True I never thought about it that way.  You know I drove a long way to the arnold classic hoping I could get a good deal on supplements and I left with practically nothing.  I wanted to buy a 5lb tub of Gaspari intrapro because usually they have a good deal on stuff at the expo.  They told me they were out of that and the vitamin I wanted to buy anavite.  I was very disappointed.  I would love to know how people get jobs working for these companies.  Some of the people they employ know nothing about supplements or bodybuilding.  I would do anything to have a job in this industry because it is something I love and then you have people that have those jobs and don't even take an interest in them.


----------



## pwloiacano (Mar 11, 2011)

Both products are good products.  But, as Prince said, the more commercial they go, the higher that will drive the price up.

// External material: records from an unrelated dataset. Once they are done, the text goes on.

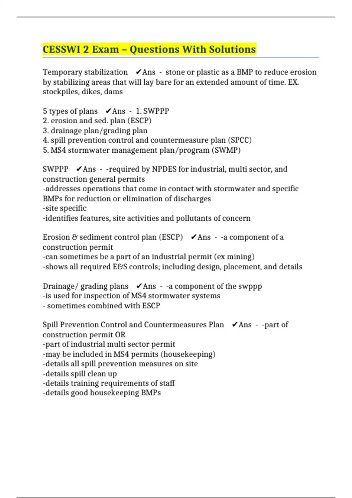 Erosion & sediment control plan (ESCP) ✔️Ans - -a component of a
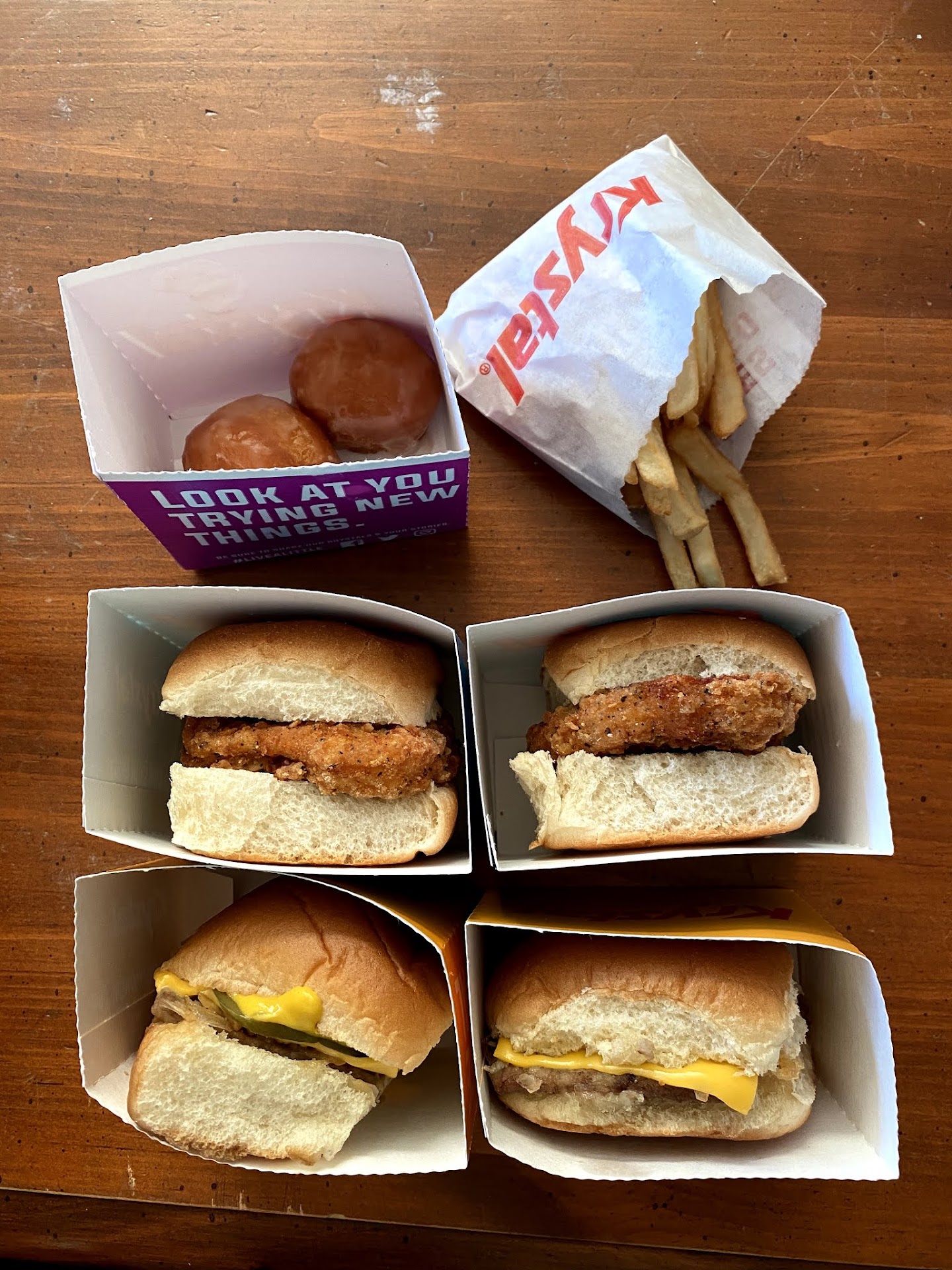 I had never heard of Krystal until tonight. I was looking for food after getting into town late, and it seemed like a good choice. I should have just gone to Wendyâs.
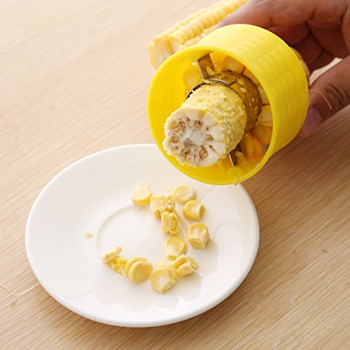 - SAVE YOUR TIME: The stainless steel blades make quick work of corn kernels. Corn Cob Cutter an entire cob of corn in seconds. No repairing, no electricity required, save your time and effort in cooking
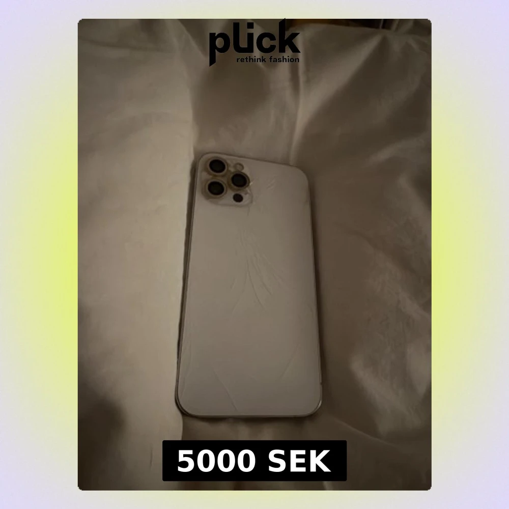 Säljer en iPhone 12 Pro i silver. Mobilen har tre kameralinser och LiDAR-sensor. Baksidan är sprucken med tydliga sprickor, men kamerorna ser hela ut. Skärmen ser ut att vara i bra skick utan synliga sprickor. Perfekt för dig som vill ha en kraftfull iPhone till ett bra pris.

I have taken both protein powders they offer and they are effective.  But, as time goes on, you get smarter and realize that there are lower cost alternatives out there that yield you the same results.  I have learned my lesson through wasting tons of money.

However, there are two products that ARE worth the money.  GAKIC by muscletech and SIZE-ON by Gaspari.  Though these are not protein powders, I have had great results from using these two products.


----------



## D-Lats (Mar 11, 2011)

Muscletech is shit. Gaspari is not my favourite company but there products are very effective ive found bpi(1mr) to be amazing and a decent price aswell IMO


----------



## djm6464 (Mar 11, 2011)

agreed...gaspari trumps MT, but that really isnt hard to do anyway

i like animal among the biggies, they good stuff outweighs the bad, muscle pharm is very good considering they are mainstream, assault is excellent stuff

i find the smaller companies like aps, pes primordial, make better products though, they market on forums, and use the saved coin to actually put good stuff out there.....there are a few others iv missed for sure


----------



## ebn2002 (Mar 11, 2011)

For some reason I always end up with all Optimum Nutrition products.  I think the price is right and the quality is there.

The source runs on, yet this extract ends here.